Configuration property
/** ********* Broker-side Observer Configuration ****************/
val ObserverClassProp = "observer.class.names"

Add code to the broker (in KafkaApis) to allow Kafka servers to invoke any observers defined. More specifically, change KafkaApis code to invoke all defined observers, in the order in which they were defined, for every request-response pair. For example, in the sendResponse method in the KafkaApis class:

Observers usage
private def sendResponse(request: RequestChannel.Request,
                         responseOpt: Option[AbstractResponse],
                         onComplete: Option[Send => Unit]): Unit = {
  // Update error metrics for each error code in the response including Errors.NONE
  responseOpt.foreach(response => requestChannel.updateErrorMetrics(request.header.apiKey, response.errorCounts.asScala))

  val response = responseOpt match {
    case Some(response) =>
      val responseSend = request.context.buildResponse(response)
	  
      // Convert RequestChannel.Request and AbstractResponse into their adapter instances which implements the request/response info interface
      val requestAdapter = new RequestAdapter(request)
      val responseAdapter = new ResponseAdapter(response)
	  // Invoke the record method on each observer on each request and response info instance. "observers" is a list of observers and each of
      // them represents one user-provided implementation of the observer interface.
      for (observer <- observers) {
        try {
          (observer: Observer).record(requestAdapter, responseAdapter)
        } catch {
          case e: Throwable => error(s"Observer failed to record $request and $response", e)
        }
      }

      val responseString =
        if (RequestChannel.isRequestLoggingEnabled) Some(response.toString(request.context.apiVersion))
        else None
      new RequestChannel.SendResponse(request, responseSend, responseString, onComplete)
    case None =>
      new RequestChannel.NoOpResponse(request)
  }
  sendResponse(response)
}

Compatibility, Deprecation, and Migration Plan

N/A. No observers are defined by default. Test of any other non-trivial implementation should be done by its implementers. Exceptions thrown by any of the observer(s) should be caught and the functionalities of the broker should not be affected.

Rejected Alternatives

Besides the broker-side auditing approach, the alternative approach is client-side auditing which means the auditor is embedded in the producer and consumer. From what we have learned in practice, the major issue of the client-side auditing approach which badly affects the usability of the auditing system is the lack of central administration on user’s selection of Kafka clients and versions of Kafka clients to use in their applications. Because there are many Kafka clients (even ones implemented in different programming languages such as Golang, C++, Python and etc) and versions. There are three direct consequences.

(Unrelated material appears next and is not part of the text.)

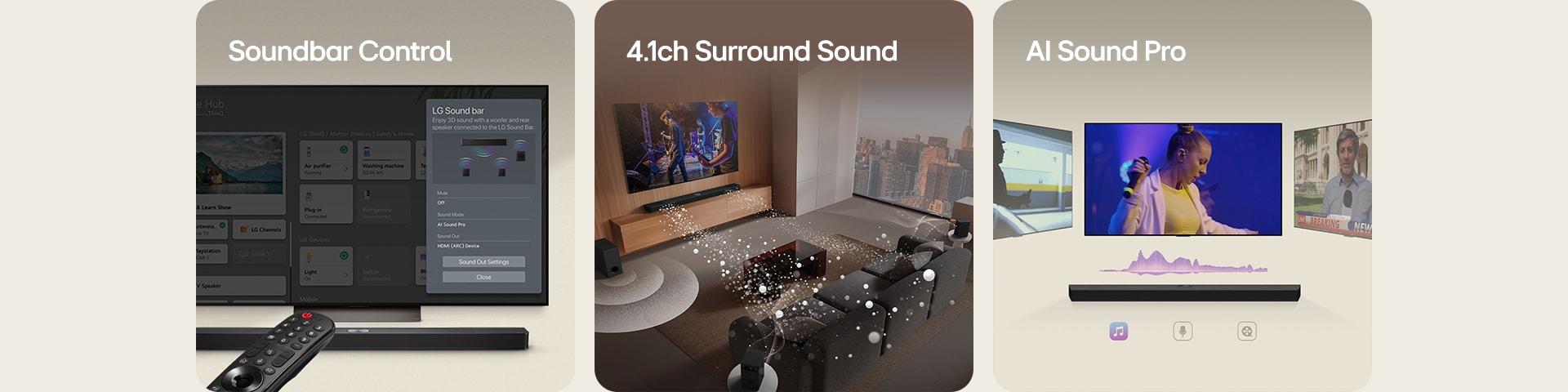 Simple, smart control on compatible LG TVs for modes, sound profiles, and more.

  1. Lack of coverage due to the sheer number of users, slow deployment of diverse clients, and hard to enforce compliance.

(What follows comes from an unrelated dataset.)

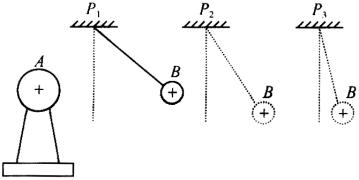 例2、(2004·黑龙江省)小明参观科技馆后,一组静电实验给他留下了深刻的印象,回来后他把实验情景绘成一幅平面示意图,图中A为放在绝缘支架上的带正电球体,B为用绝缘丝线悬吊的带正电的小球,先后将小球B悬吊在距离A球远近不同的P1、P2、P3处(图).

  2. In order to support diverse clients, various implementations of the auditor have to be provided which causes engineering overhead.

  3. The slow rate of development on the audit system again due to the number of clients.

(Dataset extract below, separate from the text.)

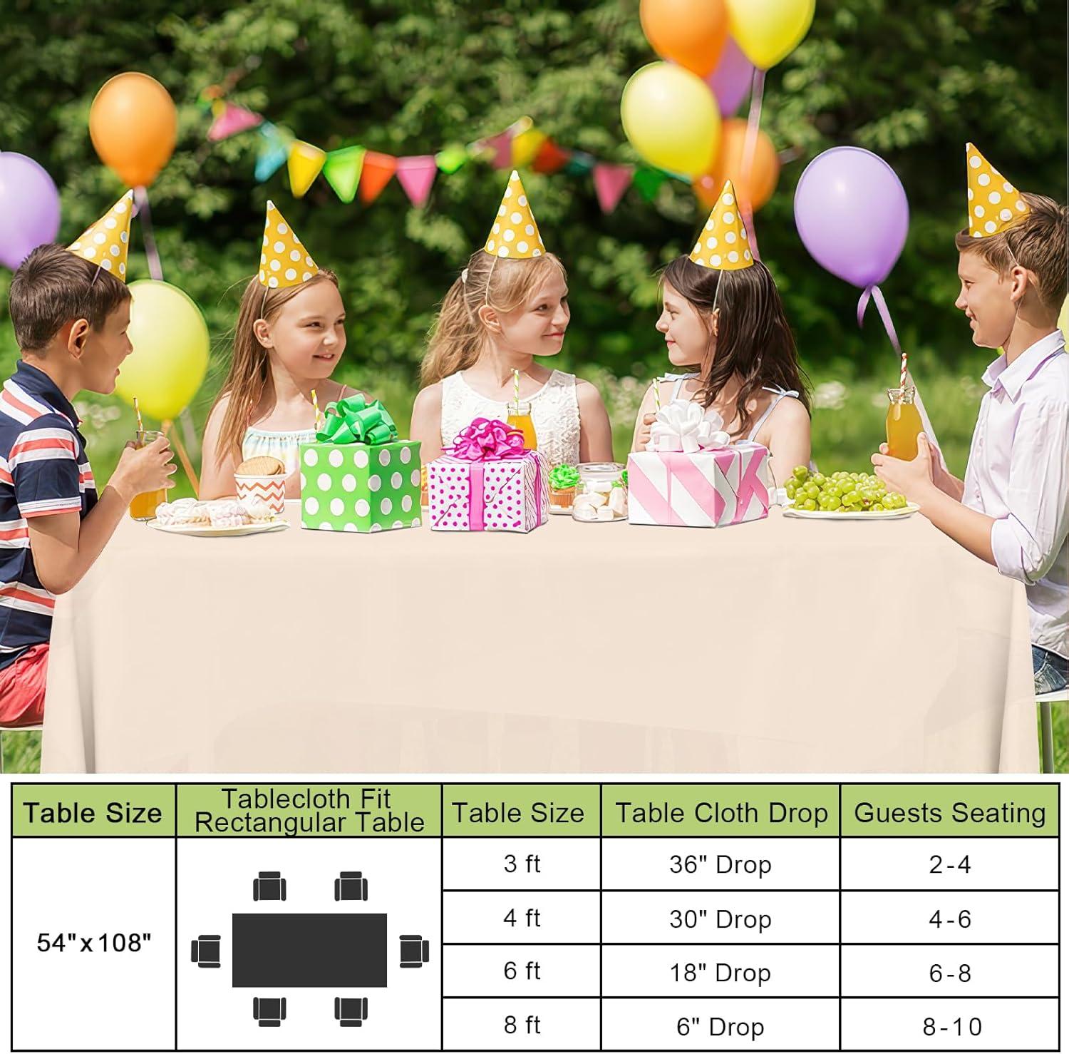 [Classic & Versatile] Our rectangular tablecloth is 108 inches/274cm long and 54 inches/137cm wide. Designed for dining, weddings, parties, banquets, events, picnics, campings, indoor and outdoor use.

These existing Kafka server metrics provide lower-level insights into the system such as byte-in/out rates. However, an audit system complements the operation-level server metrics by providing additional application-level information such as byte-in/out rate associated with some specific application(s).

Since the major motivation is to support the auditing system, the interface could be named as “Auditor”. However, “Observer” is more general and flexible than it.

Another rejected alternative is to make an interceptor interface instead of an observer interface. Firstly, “inceptor” implies the possibility of modifying data which is not implied by an “observer”. Secondly, except the difference between interceptor and observer, the concept of the interceptor is more general than an observer in terms of what things could be done. However, the extra generalization complicates the KIP and is not necessary.